Ю. Е. Брусовани. Ленинград. 1980-е годы.
Бумага, графитный карандаш.

Во второй приход Раскольников объявил Соне, кто убил Елизавету. В рассказе его действовали те же самые – эстетические – понятия…

«Знаешь, Соня, – сказал он вдруг с каким-то вдохновением, – знаешь, что я тебе скажу: если б только я зарезал из того, что голоден был, – продолжал он, упирая в каждое слово и загадочно, но искренно смотря на нее, – то я бы теперь… счастлив был! Знай ты это! Штука в том: я задал себе один раз такой вопрос: что если бы, например, на моем месте случился Наполеон и не было бы у него, чтобы карьеру начать, ни Тулона, ни Египта, ни перехода через Монблан, а была бы вместо всех этих КРАСИВЫХ и МОНУМЕНТАЛЬНЫХ вещей просто-запросто одна какая-нибудь смешная старушонка, легистраторша, которую еще вдобавок надо убить, чтоб из сундука у ней деньги стащить (для карьеры-то, понимаешь?), ну, так решился ли бы он на это, если бы другого выхода не было? Не покоробился ли бы оттого, что это уж слишком НЕ МОНУМЕНТАЛЬНО и… и грешно?»

Иллюстрации к произведениям Ф. М. Достоевского.
Ю. Е. Брусовани. Ленинград. 1980-е годы.
Бумага, графитный карандаш.

«Ну, так я тебе говорю, что на этом «вопросе» я промучился ужасно долго, так что ужасно стыдно мне стало, когда я наконец догадался (вдруг как-то), что не только его не покоробило бы, но даже и в голову бы ему не пришло, что это НЕ МОНУМЕНТАЛЬНО… и даже не понял бы он совсем: чего тут коробиться? И уж если бы только не было ему другой дороги, то задушил бы так, что и пикнуть бы не дал, без всякой задумчивости!.. Ну и я… вышел из задумчивости… и задушил… по примеру авторитета…»

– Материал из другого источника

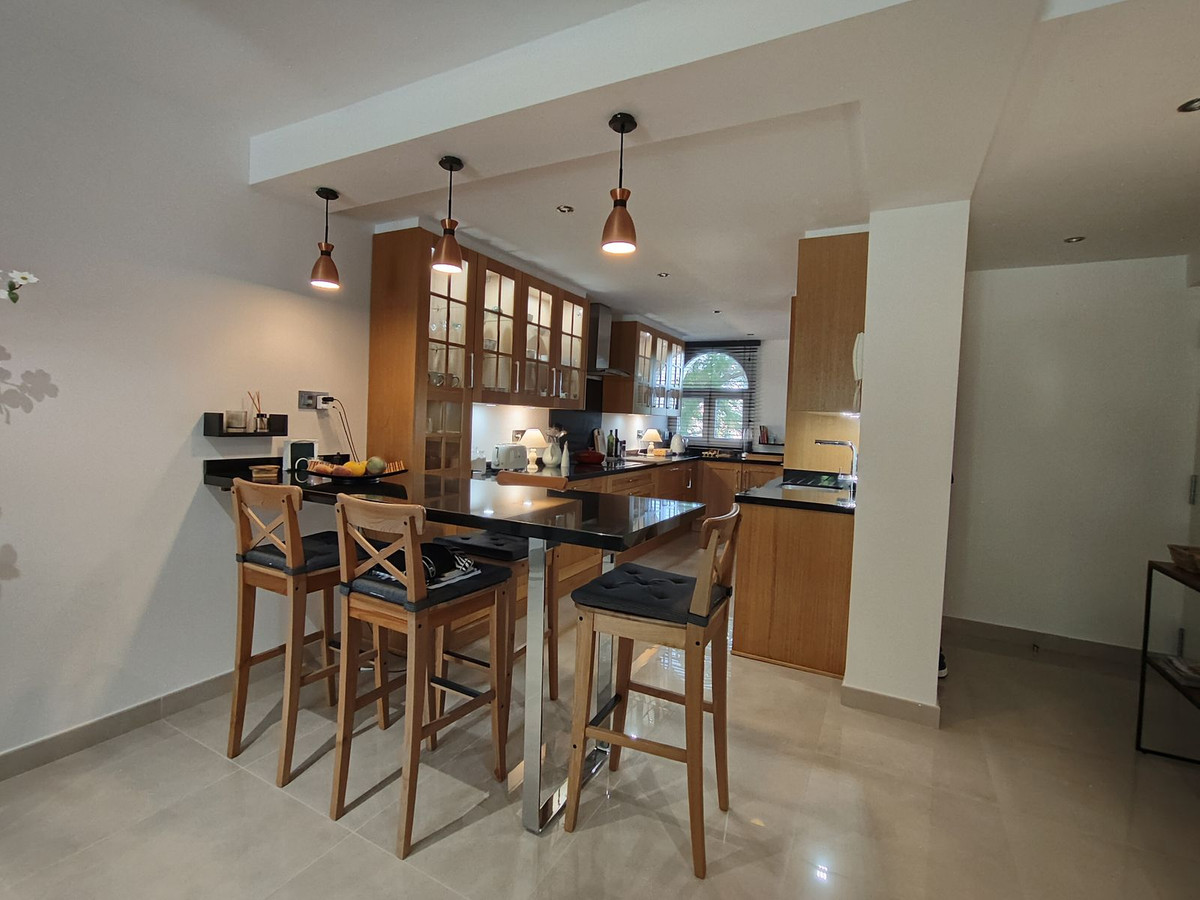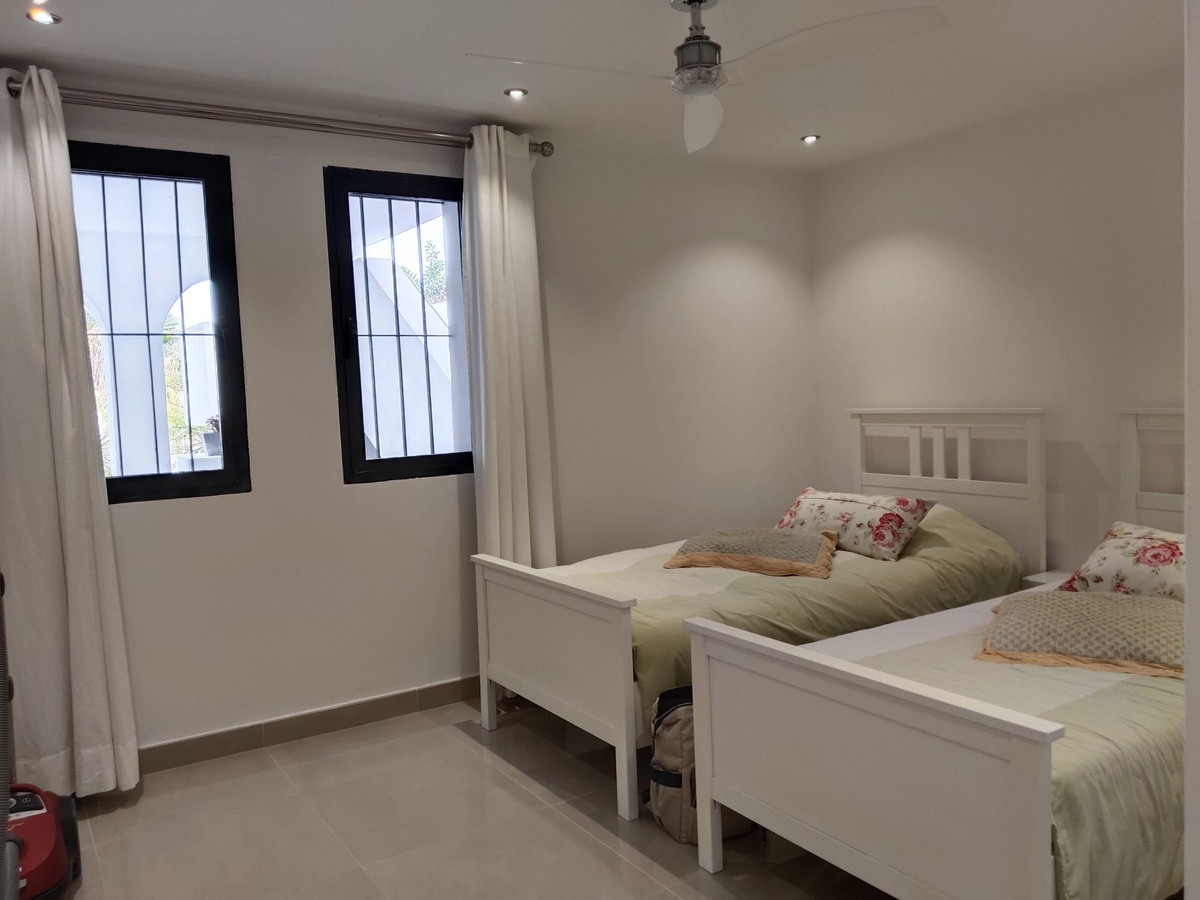 La propiedad cuenta con 2 amplios dormitorios y 2 baños – incluyendo una suite principal con su propio cuarto de baño privado, además de un elegante baño de invitados. Los luminosos y acogedores espacios de vida se abren directamente a un jardín privado con palmeras maduras y exuberante vegetación, creando un oasis de tranquilidad y total privacidad. El mobiliario es opcional, lo que permite a los compradores la flexibilidad de personalizar el espacio a su gusto.

«Я ТОГДА, КАК ПАУК К СЕБЕ В НОРУ ЗАБИЛСЯ»…

«А знаешь ли, Соня, что низкие потолки и тесные комнаты душу и ум теснят! О, как ненавидел я эту конуру! А все-таки выходить из нее не хотел. Нарочно не хотел! По суткам не выходил, и работать не хотел. Надо было учиться, я книги распродал; а на столе у меня на палец и теперь пыли лежит. Я лучше любил лежать и думать. И всё думал… Потом я узнал, Соня, что если ждать, пока все станут умными, то слишком уж долго будет… Потом я еще узнал, что никогда этого и не будет, что не переменятся люди, и не переделать их никому, и труда не стоит тратить!

Да, это так! Это их закон…
Кто крепок и силен умом и духом,
тот над ними и властелин!
Кто много посмеет, тот у них и прав.
Кто на большее может плюнуть,
тот у них и законодатель,
кто больше всех может посметь,
тот и всех правее!
Так доселе велось и так всегда будет!
Только слепой не разглядит!

«Стал ли бы я чьим-нибудь благодетелем или всю жизнь, как паук,
ловил бы всех в паутину и из всех живые соки высасывал, мне,
в ту минуту, должно быть было всё равно!»

Я догадался тогда, Соня, что власть дается только тому, кто посмеет наклониться и взять ее. Тут одно только, одно: стоит только посметь! Мне вдруг ясно, как солнце, представилось, что как же это ни единый до сих пор не посмел и не смеет, проходя мимо всей этой нелепости, взять просто-запросто всё за хвост и стряхнуть к черту! Я… я захотел осмелиться и убил… Не для того я убил, чтобы, получив средства и власть, сделаться благодетелем человечества. Вздор! Я просто убил; для себя убил, для себя одного…»

Иллюстрации к произведениям Ф. М. Достоевского.
Ю. Е. Брусовани. Ленинград. 1980-е годы.
Бумага, графитный карандаш.

«Оба стояли рядом, грустные и убитые,
как бы после бури выброшенные на пустой берег одни»…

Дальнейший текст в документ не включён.